-- INPUT FOR THIS TASK follows --
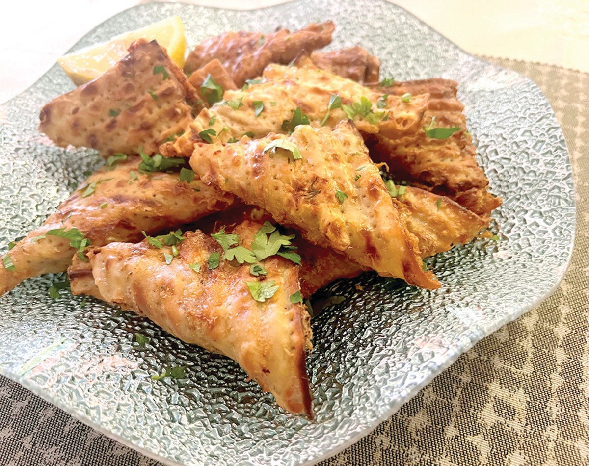 לאחר מכן מחלקים את המצות הלחות לארבע. מניחים 1־½1 כפות מלית במרכז כל ריבוע. מקפלים למשולש ומהדקים היטב את הקצוות. בדרך זו ממלאים את כל המצות. מסדרים את המשולשים הממולאים במגש רחב ומכסים במגבת לחה. מחממים שמן במחבת רחבה (כמו שמן לטיגון שניצל). טורפים היטב את הביצים והמים. טובלים את המצות הממולאות בבלילה ומטגנים משני הצדדים, עד הזהבה. מעטרים בפטרוזיליה קצוצה ומגישים חם, עם פלח לימון.
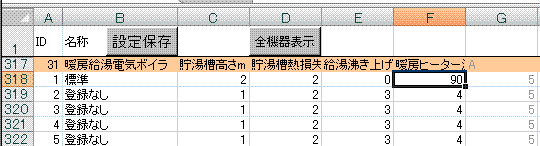 「暖房給湯電気ボイラ」の「詳細設定」画面を開き、「暖房ヒータ温度」を以下のように「90」に変更してください。
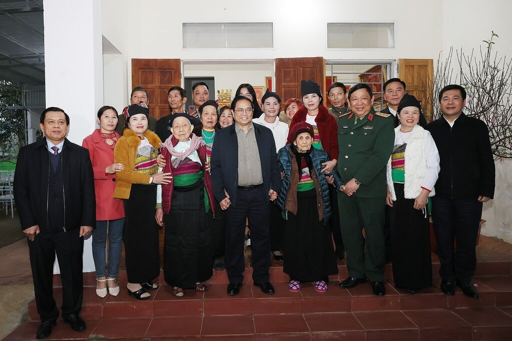 | Le Premier ministre (centre) rend visite à la famille de la Mère Héroïne vietnamienne Bùi Thi Nhi, 104 ans, d'ethnie Muong, district de Ngoc Lac, province de Thanh Hoa. |
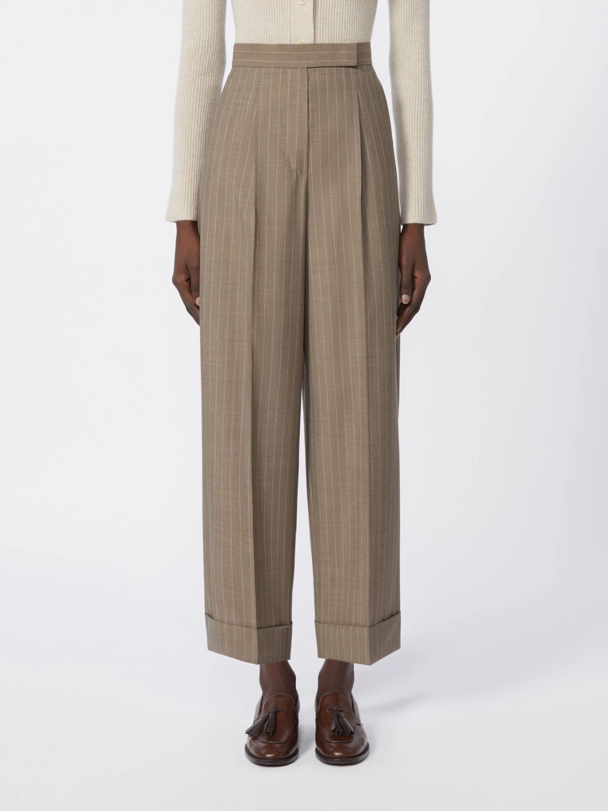 Pantalón de lana con motivo de raya diplomática - Avellana
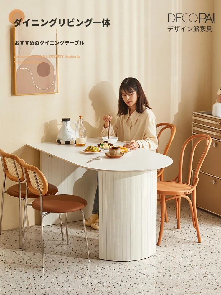 モダンミニマリストのハーフアイランドダイニングテーブル - フランス風の実木ホワイト仕上げ、北欧スタイルの岩板デザインで、小スペースにもぴったり!おしゃれで機能的な家庭用テーブル。
-- INPUT FOR THIS TASK concluded --
(WORK TO BE COMPLETED): Wherever a picture appears in the material above, skip it and copy the rest without change.

(WRITTEN RESPONSE):
 לאחר מכן מחלקים את המצות הלחות לארבע. מניחים 1־½1 כפות מלית במרכז כל ריבוע. מקפלים למשולש ומהדקים היטב את הקצוות. בדרך זו ממלאים את כל המצות. מסדרים את המשולשים הממולאים במגש רחב ומכסים במגבת לחה. מחממים שמן במחבת רחבה (כמו שמן לטיגון שניצל). טורפים היטב את הביצים והמים. טובלים את המצות הממולאות בבלילה ומטגנים משני הצדדים, עד הזהבה. מעטרים בפטרוזיליה קצוצה ומגישים חם, עם פלח לימון.
 「暖房給湯電気ボイラ」の「詳細設定」画面を開き、「暖房ヒータ温度」を以下のように「90」に変更してください。
 | Le Premier ministre (centre) rend visite à la famille de la Mère Héroïne vietnamienne Bùi Thi Nhi, 104 ans, d'ethnie Muong, district de Ngoc Lac, province de Thanh Hoa. |
 Pantalón de lana con motivo de raya diplomática - Avellana
 モダンミニマリストのハーフアイランドダイニングテーブル - フランス風の実木ホワイト仕上げ、北欧スタイルの岩板デザインで、小スペースにもぴったり!おしゃれで機能的な家庭用テーブル。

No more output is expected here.